Parallel: A Class To Make Combinations – Nobu Katayama
This was a very cool talk on an algorithm to solve a physics problem – a set of ideas you could walk away from CHEP with an immediately apply. I’d like to see more of this sort of thing!
Nobu was dealing with combinitorics in B-physics. Specifically, a 3 body decay. He wanted to represent it with C++ operator syntax: “D0 = Kaon*Pion*Kaon” — in order to do this you need to loop over all three objects at once, but C++ operator syntax means you will do the Pion*Kaon first, and then the Kaon*<result> second — not evaluate all three. So he wrote a delayed evaluation library: it builds up a syntax tree of all operations but doesn’t actually do them until the “=” sign is hit. At that time the whole parse tree is available and he can see that he needs to do a 3-way combination. Very cool! I’ve seen this technique used to solve all sorts of computational problems (like shipping matrix operations out to a GPU).

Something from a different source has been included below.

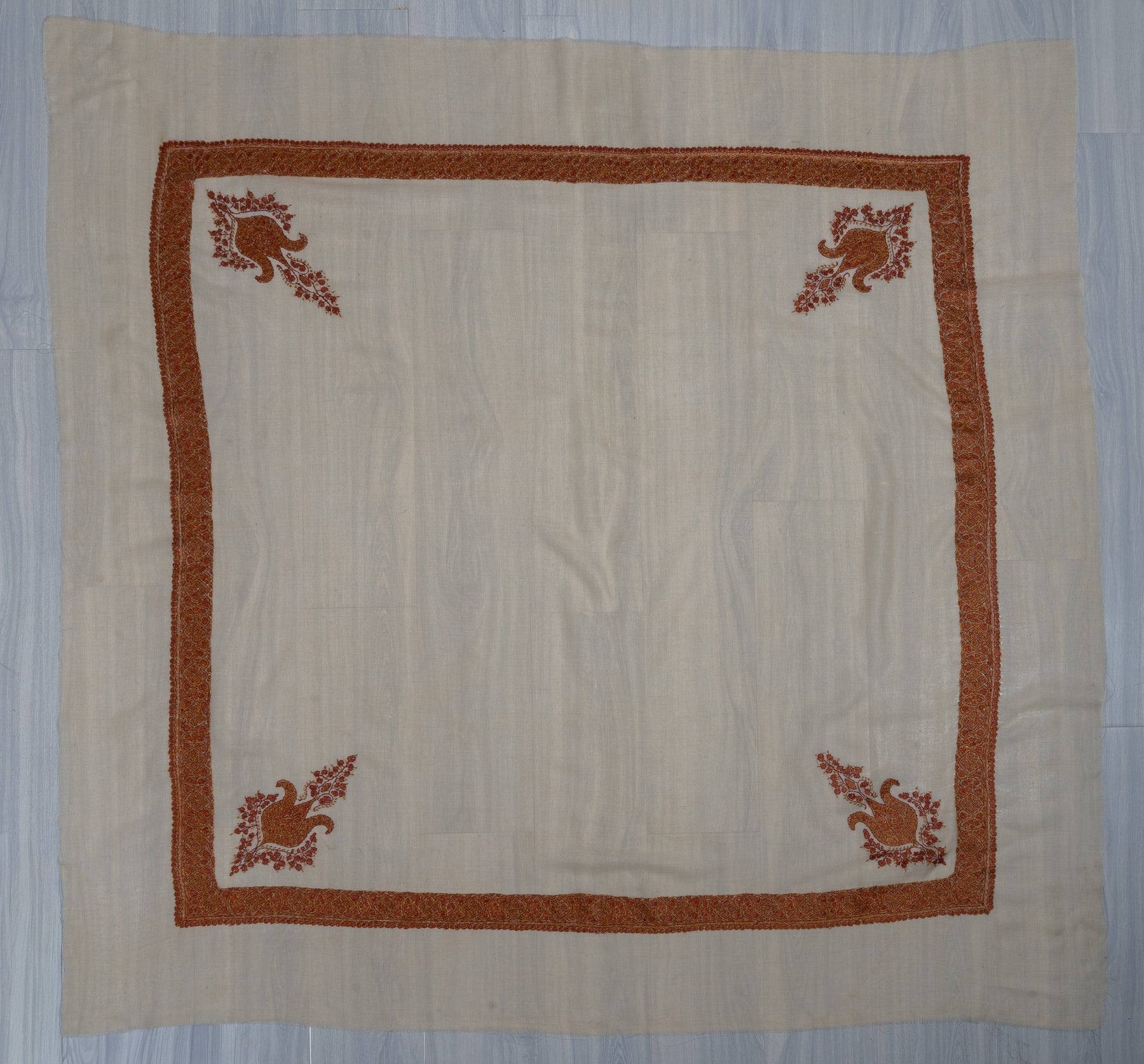 The Amber Glow Rumal embodies the warmth and richness of Kashmiri heritage. Woven in pure pashmina, its soft ivory base comes alive with Sozni embroidery in deep amber and russet hues, forming a magnificent paisley that reflects timeless artistry. Each stitch radiates finesse, preserving centuries of traditional craftsmanship.

I asked why not use a Domain Specific Language: a text file that contains the physics in a more readable form that you could then use a program to automatically turn into C++: easy to read and write, and the speed of C++. He really wanted to complete flexibility of C++ available (for cuts, etc.). Sounds good!
Parallel: The CERN Analysis Facility – J. F. Grosse-Oetringhaus
ALICE is probably the heaviest user of ROOT of any of the ongoing large experiments. They use it for everything – reconstruction, simulation, visualization, etc. You name a feature of ROOT, and they are using it. This includes PROOF, the remote cluster version of ROOT. They currently have about 40 machines setup (500 is the goal). PROOF has, from the sounds of it, received significant debugging on this cluster.🙂 Listening to this talk you really get the idea that PROOF is big-iron. Lots of support is required to have a fully functioning system, which is too bad.
I asked how you distribute user code and libraries – you send source files and they are compiled on each PROOF machine that is running. What do users do when they want to run an analysis in PROOF with lots of plots – speaker didn’t know, but he did know that some people were making 100’s of plots in a single event loop (the only way to do it, in my opinion).
Parallel: Visualization with ROOT – Matevz TADEL
Wow. ROOT visualization is pretty impressive! The ALICE detector is a heavy-ion detector. This means when the ions collide there will be a huge mess of tracks in their detector. They are using the visualization code in ROOT as their detector display, and they claim decent performance when they show as many as 1000 tracks. And this is without using acceleration hardware (as far as I can tell). I wonder how fast things would go if they used modern graphics cards and did processing there?
Parallel: The Online Track
There were a lot of good talks on High Level Triggers at this point in the Online Track — but I have seen many of them before. Suffice it to say that good progress is being made and people are already at the point of testing the algorithms to make sure there is enough CPU to do the things that they need. In particular, one referred to a version of the track finding algorithm, called a Kalman Filter, that didn’t require matrix inversion (very slow). I’d not heard of this gain-matrix formalism before, but I found what looks to be a decent reference on the web.